Vacuum environment: 4 × 10 ⁻² [Pa]
Film thickness: 60 [nm]
Deposition film surface resistance: 2 × 10 ¹² [Ω / □]
(Plasma electrode conditions)
As shown in FIG. 3 (a), a plasma generation source having a magnetron electrode built therein was disposed in a grounded casing. Each condition is as follows.
(1) Length of plasma electrode in sheet width direction: 700 [mm]
(2) Power output of high frequency power supply for plasma: 200 [W]
(3) Voltage amplitude of the high-frequency power source for plasma: 500 [V]
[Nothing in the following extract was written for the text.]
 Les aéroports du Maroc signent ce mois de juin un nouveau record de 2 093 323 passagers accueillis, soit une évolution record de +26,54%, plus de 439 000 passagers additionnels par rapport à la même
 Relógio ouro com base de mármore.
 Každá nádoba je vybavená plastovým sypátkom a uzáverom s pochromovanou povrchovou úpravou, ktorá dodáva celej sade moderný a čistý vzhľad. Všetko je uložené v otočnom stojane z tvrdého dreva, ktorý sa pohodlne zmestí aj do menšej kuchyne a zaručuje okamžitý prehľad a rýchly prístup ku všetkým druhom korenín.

(4) Frequency of plasma high-frequency power supply: 100 [kHz]
(5) Charged particle radiating ports of the plasma electrode housing: Pinholes having a diameter of 2 [mm] are evenly arranged on a straight line in the sheet width direction at intervals of 10 [mm].
(6) Direction of charged particle radiation aperture: The center of the magnetron electrode, which is a plasma electrode, and a straight line extending from the center of the charged particle radiation aperture are incident at a position approximately halfway between the cylindrical sheet guide surface and the counter electrode. Direction to do.
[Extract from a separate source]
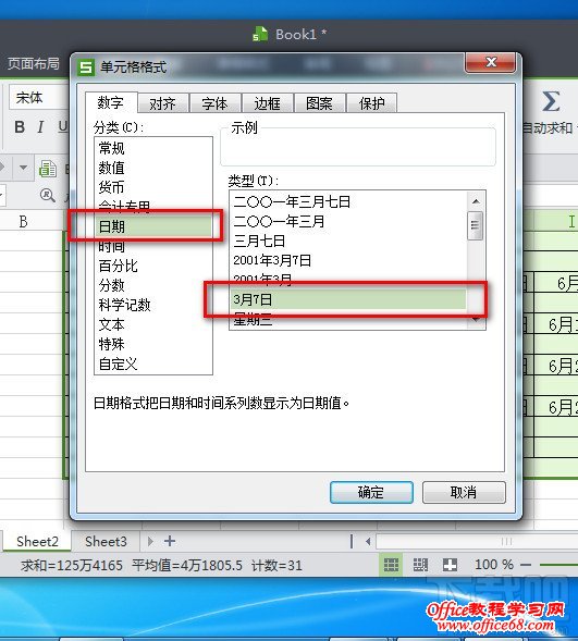 3:进入单元格设置页面后,点击数字,选择日期。格式为3月7日。

(Sheet guide surface conditions)
A cylindrical sheet guide surface was used as shown in FIG. As in the first embodiment, the medium is circulated inside the sheet guide surface, and the temperature of the medium is controlled at a constant temperature. In this embodiment, the sheet guide surface is electrically grounded. Each condition is as follows.
(1) Diameter of cylindrical sheet guide surface: 500 [mm]
(2) Temperature of medium flowing inside the sheet guide surface: −20 [° C.]
(3) Voltage application to the sheet guide surface: grounding (0 [V])
(Counter electrode conditions)
As shown in FIG. 3A, a counter electrode made of stainless steel is disposed so as to face the cylindrical sheet guide surface. Each condition is as follows.
(1) Length of counter electrode in sheet width direction: 700 [mm]
(2) Length of counter electrode in sheet running direction: 50 [mm]
(3) Counter electrode thickness: 3 [mm]
(4) Applied voltage: -200 [V]
(5) Resistance value of the electrical resistor 15: 1 [kΩ]
(6) Current flowing through the counter electrode: 0.7 [mA]
As a result of observing the presence or absence of a dark-colored portion of the film that had been vapor-deposited that had a length of 100 [m] and was viewed as being heat-defeated through the backlight source, no heat-loss was observed. The charge density on the surface of the sheet where the thin film was not formed was 16 [μC / m ² ].
[Example 4]
The electrical insulating sheet and film transport conditions used were the same as in Example 1, but the film was formed by using the take-up vacuum deposition apparatus shown in FIG. Formed on top.
(Deposition conditions)
Evaporation source: Induction heating crucible evaporation material: Aluminum evaporation power: 35 [kW]
Oxygen introduction amount: 5000 “cc / min”
Vacuum environment: 5 × 10 ⁻² [Pa]
Film thickness: 150 [nm]
Deposition film surface resistance: 4 × 10 ⁻⁸ [Ω / □]
(Plasma electrode conditions)
As shown in FIG. 3 (a), a plasma generation source having a magnetron electrode built therein was disposed in a grounded casing. Each condition is as follows.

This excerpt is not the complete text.